2. When Don is nuzzling Diana, he murmurs, "You smell incredible. What is that?" and she replies dryly, though also a bit dreamily, as Don's nose is gently snuffling her hair, "shampoo." (She continues after that, talking about how it's Avon shampoo, remarking "I bought it in my living room," perhaps setting us up for door to door sales of cosmetics as a business model Don's agency may take an interest in?)
3. In Pima's photo shoot for a Vermouth commercial, all the models seem to be dressed like sexy witches.
4. Stan's ultra-cool, pot-smoking, cute wife Elaine, whose nurse uniform and hat seem to rhyme with Diana's waitress uniform and very similar starched white cap.

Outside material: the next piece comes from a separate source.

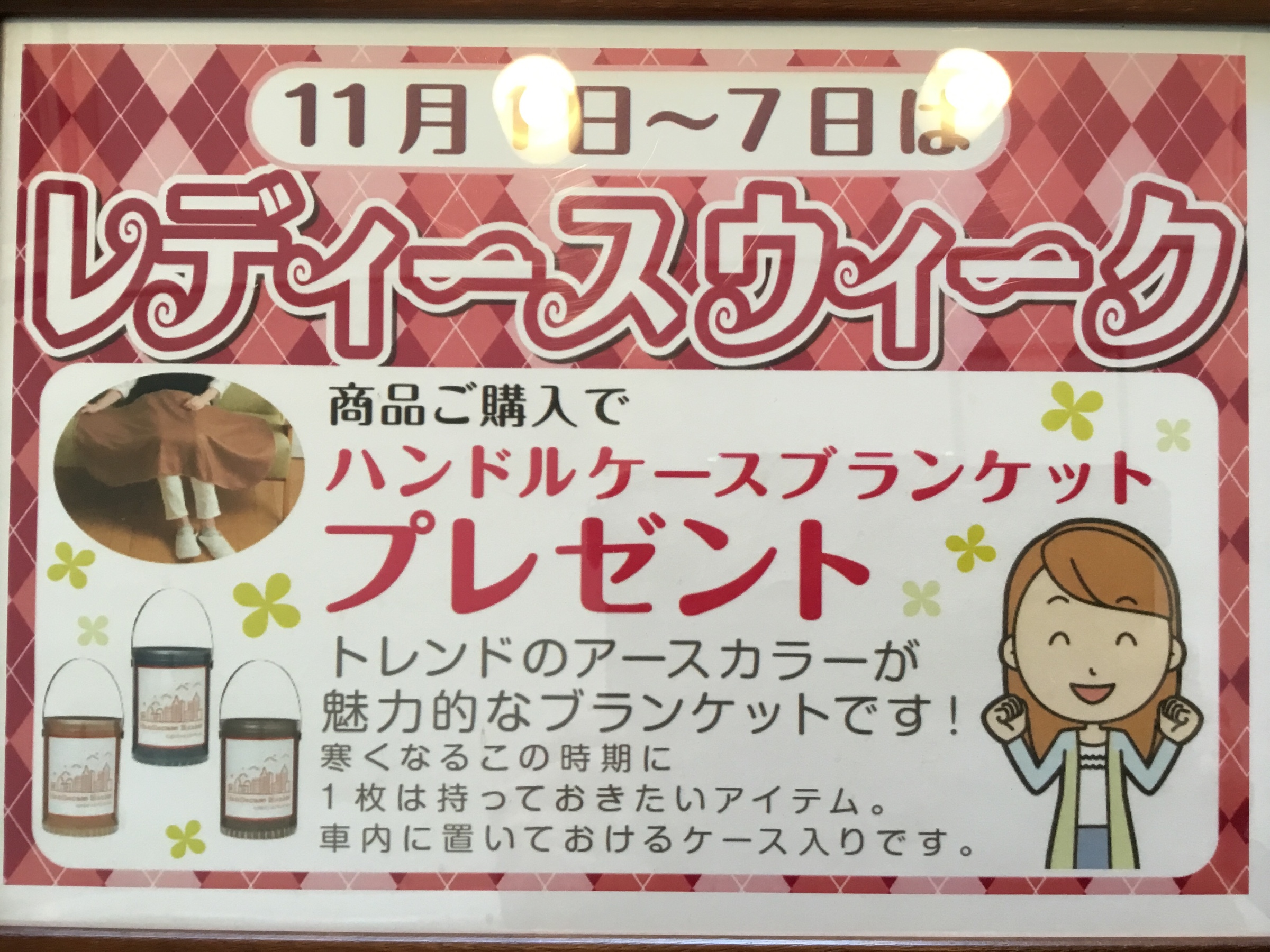 レディースウィークです! ポスト 2018年11月3日 毎月1〜7日はレディースウィーク開催です。 今月はブランケットをプレゼント! 寒くなるこの時期にピッタリです(・∀・) オイル交換等してない方はついでにゲットしちゃいましょう! 男性の方でも女性の方とご一緒なら適用されますのでご来店心よりお待ちしております! あさか 新座 志木 ブランケット レディースウィーク オイル交換 女性 お得 担当:平田

This episode is not unique in featuring lying as theme. One might even say that to the cynical among us, lying is a foundational concern of the show, as all advertising could be viewed as a form of lying. Diana fibs to Don about being childless, then later confesses "I lied to you." Don responds wonderfully, with a tender, quizzical "Already?" When Peggy tells Stan that Pima made a pass at her, too, and that she's a hustler, he growls "I don't believe you." Peggy looks him in the eye and says, "Which part?" When Roger asks Megan's mother if Don really agreed to Megan taking every stick of furniture from their formerly shared apartment and ship it to California, she says he did. Stan's wife asks how Pima liked his cheesecake photos of her, and he responds, "She loved them." As you noted, when finalizing their divorce, Megan calls Don an aging, sloppy, selfish liar, when actually, he's probably the least dissembling main character featured in this episode.